What can we say March 31? Easter Sunday

    I can never decide if preaching Easter is one fabulous moment, or a vaguely monotonous drudgery. I mean, it’s Easter. No greater day could be to preach. And yet, they come  - in droves! – yet inoculated against the radical truth of the day, thinking it’s that All Dogs Go To Heaven, that it’s all about flowers and pretty dresses, the flowers blooming in Spring. We’re fortunate – maybe – this year in that Easter is early enough that all may not yet be in bloom.

   I can only point you to two earlier posts on prior Easter Sundays, this one focused on Kavin Rowe’s Christianity’s Surprise – and then this one, that attends to the fact that Easter was “after the Sabbath.”

   Friends, preach well – which is only fitting – on Easter. But don’t be exasperated if, afterwards, the response is a bit tepid. So it was for the first proclaimers of the astonishingly good news.

What can we say April 7? Easter 2

     Easter 2's texts astonish us with the difference resurrection makes. Acts 4:32-35 describes a vital church not much like ours at all. What was the greater miracle for those first Christians? That they coughed up all their possessions to insure no one went without? or that they were of one heart and soul? I've tried in sermons to name this. People nod - but no property changes hands.

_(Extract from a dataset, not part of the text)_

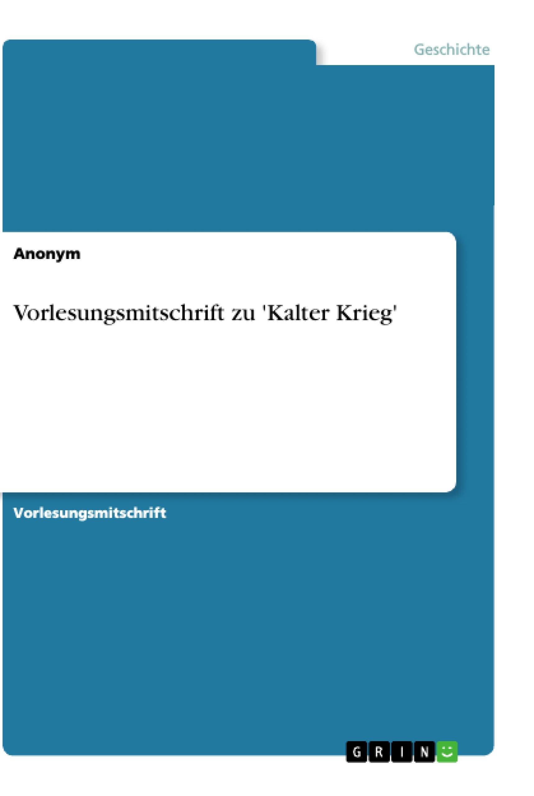 Vorlesungsmitschrift aus dem Jahr 2014 im Fachbereich Geschichte Europa - Deutschland - Nachkriegszeit, Kalter Krieg, , Sprache: Deutsch, Abstract: Vorlesungsmitschrift zum Thema 'Kalter Krieg'.Von Begriff, über die Beschreibung des Kalten Kriegs und dessen Charakteristik zu den...

   Willie Jennings phrases the issue eloquently, speaking of "the new order of giving rooted in the divine wanting, rooted in the divine desire to join us together... Money here will be used to destroy what money normally is used to create: distance and boundaries between people... God watches and waits to see faith that connects resource to need."

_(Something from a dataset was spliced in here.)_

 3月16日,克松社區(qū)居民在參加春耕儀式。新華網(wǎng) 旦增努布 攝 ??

   Psalm 133 is a fitting Easter text: How lovely when brothers dwell together in unity. Or we might today say, How rare. Or How miraculous. How resurrection-like. There is an inextricable link between "No one said any of the things he possessed was his own but they had everything in common" and "And with great power they gave testimony to the resurrection of the Lord Jesus" and "There was not a needy person among them." We can talk evangelistic tools or church growth strategies all we'd like; but the early Christians expanded exponentially because their witness was what they did with their possessions. We are so enmeshed, we prefer to keep our own stuff and blame others who don't have enough, or we feel noble if we toss some loose change or some leftover canned goods into a basket.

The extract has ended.